Ну конечно, Джек сам должен был догадаться; значит, Дональд еще один скрытый канадец на земле Лос-Анджелеса.
Разумеется, молодой надменный папа не стал спускать эту историю на тормозах.
– Я добьюсь, чтобы тебя уволили, парень, – сказал он Джеку.
– Знаешь, приятель, потерять такую работу – что может быть в жизни лучше? – ответил Джек и подумал про себя: «Отличная реплика, надо запомнить».
Гвидо-Джорджо стоял неподалеку, делая вид, что его тут как бы нет, – ну, в той степени, в какой этакий вид способен принять бодибилдер с жимом в центнер с лишним.
– Знаешь, Джек, наверное, тебе лучше уйти, – сказал он.
– Именно это я и пытаюсь сделать, но мне мешают.
Дойдя до стойки Дональда, Джек приметил телефон и сразу подумал, не позвонить ли по номеру 911 и сообщить о вопиющем случае нарушения правил ухода за малолетними детьми, но не стал – не записал номеров «ауди», а вспомнить их не мог, опять эти чертовы цифры!
Профнепригодный папаша не намерен был отпускать Джека просто так; он обогнал его и преградил путь.
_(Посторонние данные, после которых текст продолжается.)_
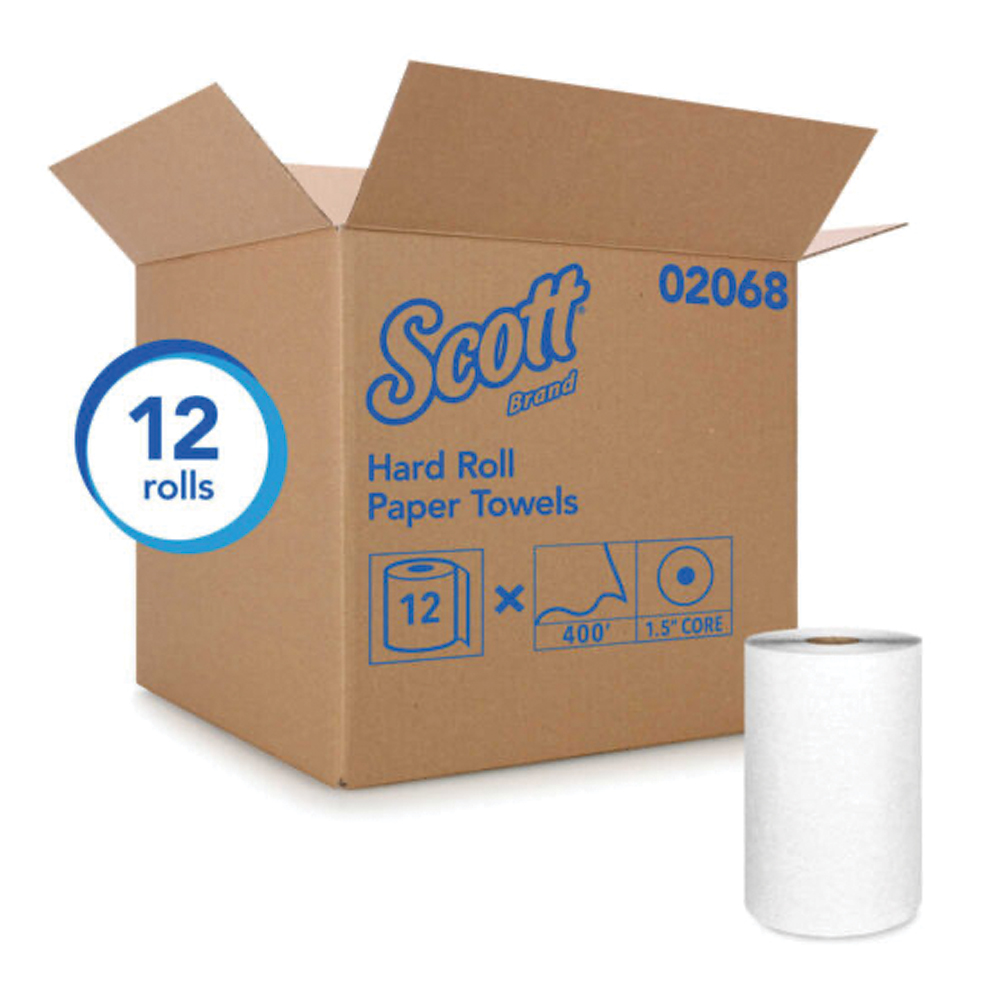 Scott Essential provides reliable balance of efficiency, performance and value. If you’re looking for high-capacity commercial paper towels compatible with most universal roll paper towel dispensers, the Scott Essential Hard Roll Paper Towels are an excellent choice for your business. The roll has a core size of 1.5″ and is compatible with a variety of Kimberly-Clark Professional dispensers and many universal towel dispensers.

Высокий детина, подбородок на уровне Джековых глаз. Джек ждал, когда тот его тронет. Отец Люси схватил его за плечи, Джек сделал шаг назад, тот потянул Джека на себя – а Джек не просто поддался, а поднажал сам и с силой въехал сопернику головой в губы. Удар получился не сильный, но у парня, видимо, слабые сосуды, сколько кровищи-то!
– Как только попаду домой, звоню в девятьсот одиннадцать, – предупредил Джек Гвидо. – Передай Дональду.
– Дональд сказал, что ты уволен, Джек.
– Потерять такую работу – что может быть в жизни лучше! – повторил реплику собственного изобретения Джек; он уже знал, ей уготовано большое будущее.
На улице стоял Роберто с ключами от «ауди» в руках. Тут Джек вспомнил, что в кармане рубашки у него лежит парковочный талон с номерами машины; ага, значит, он таки их записал!
– Роберто, выпиши на эту тачку новый талон, – сказал Джек.
– Нет проблем, дружище, – ответил тот.
Джек пошел домой пешком. Вечер выдался отличный, только-только начало темнеть. Вообще, если ты вырос в Торонто, Мэне и Нью-Гэмпшире, для тебя каждый вечер в Лос-Анджелесе отличный.
Когда Джек вернулся, Эмма сидела за столом, с головой уйдя в работу, но услышала, как он звонит в 911.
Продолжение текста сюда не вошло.